Using attention methods to predict judicial outcomes
This work addresses legal judgment prediction for the Brazilian legal system, but it is incremental as it applies existing methods to new data without major methodological breakthroughs.
The research tackled predicting judicial outcomes in the Brazilian legal system using AI classifiers on a dataset of second-degree murder and active corruption cases, finding that Regression Trees, Gated Recurring Units, and Hierarchical Attention Networks achieved higher metrics for different subsets and identified key words influencing verdicts.

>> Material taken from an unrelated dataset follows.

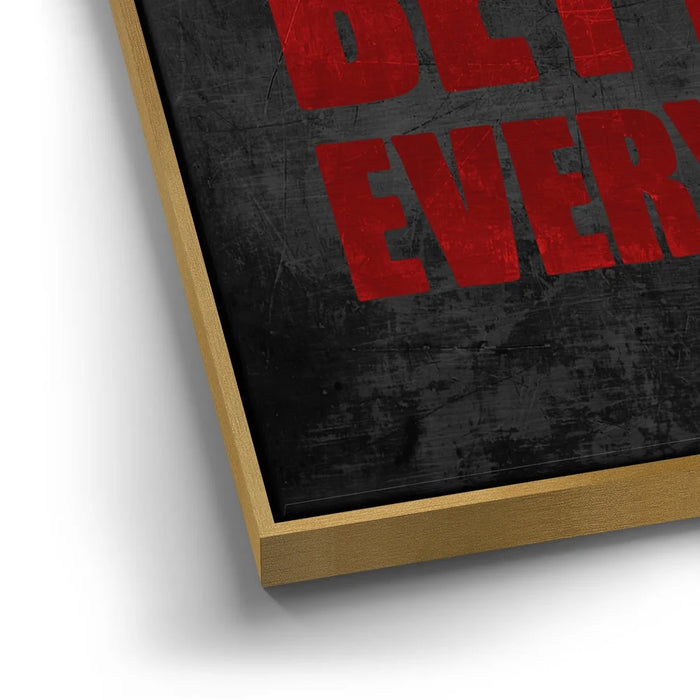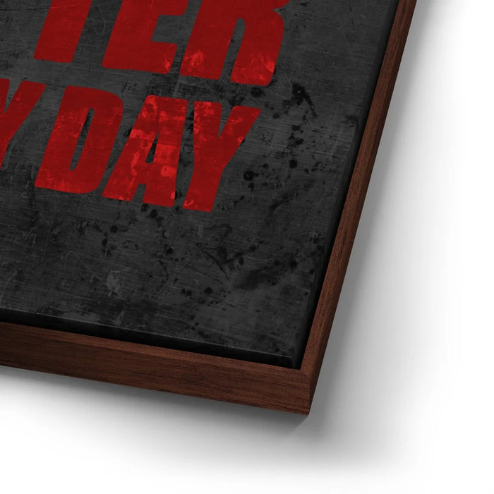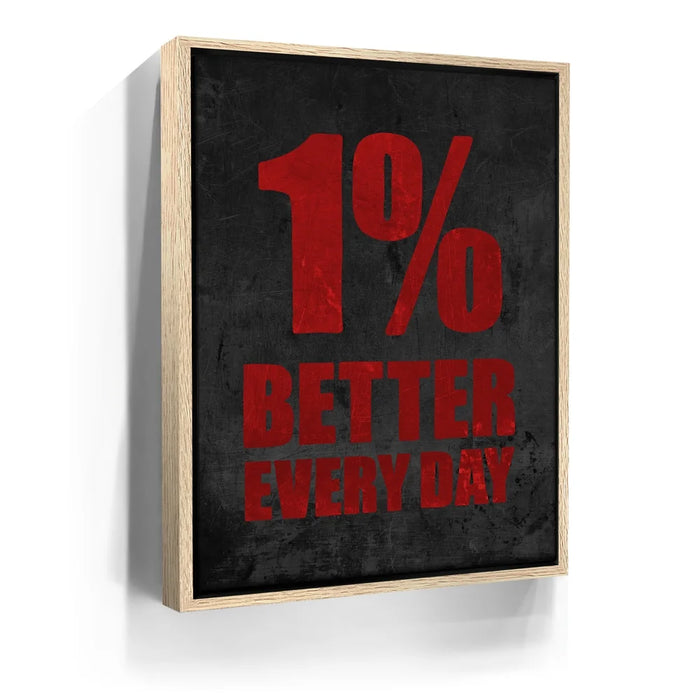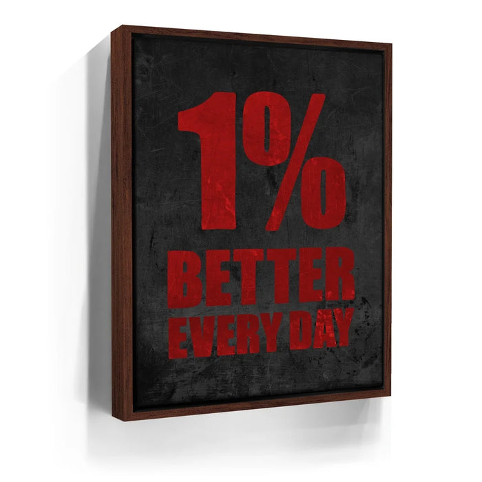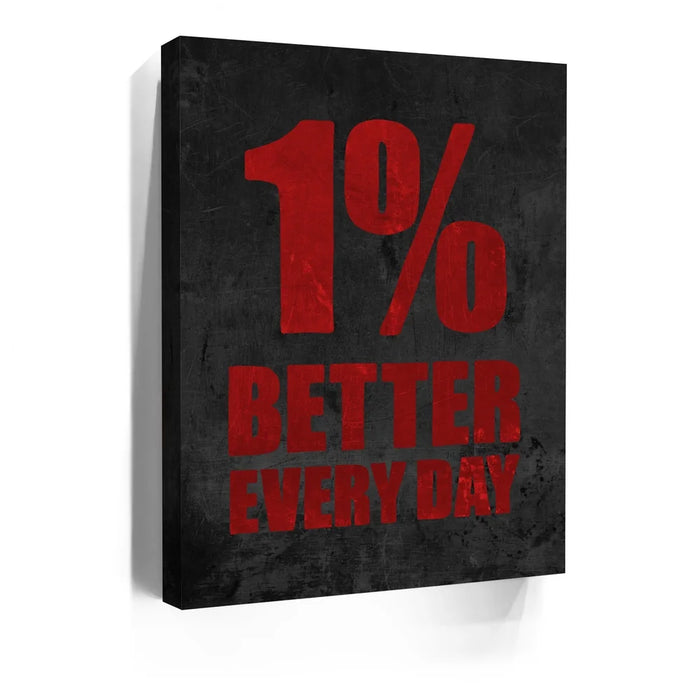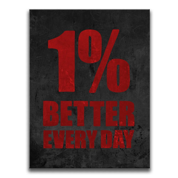 1% Better - Red captures the essence of daily progress through raw, minimalist power. Bold red typography on a dark, distressed background delivers a message of relentless self-improvement — a reminder that greatness isn’t achieved overnight, but earned in small, consistent steps. The gritty texture symbolizes effort, discipline, and resilience, making this piece a motivational focal point for anyone driven to grow stronger, sharper, and better — one percent at a time.

Legal Judgment Prediction is one of the most acclaimed fields for the combined area of NLP, AI, and Law. By legal prediction we mean an intelligent systems capable to predict specific judicial characteristics, such as judicial outcome, a judicial class, predict an specific case. In this research, we have used AI classifiers to predict judicial outcomes in the Brazilian legal system. For this purpose, we developed a text crawler to extract data from the official Brazilian electronic legal systems. These texts formed a dataset of second-degree murder and active corruption cases. We applied different classifiers, such as Support Vector Machines and Neural Networks, to predict judicial outcomes by analyzing textual features from the dataset. Our research showed that Regression Trees, Gated Recurring Units and Hierarchical Attention Networks presented higher metrics for different subsets. As a final goal, we explored the weights of one of the algorithms, the Hierarchical Attention Networks, to find a sample of the most important words used to absolve or convict defendants.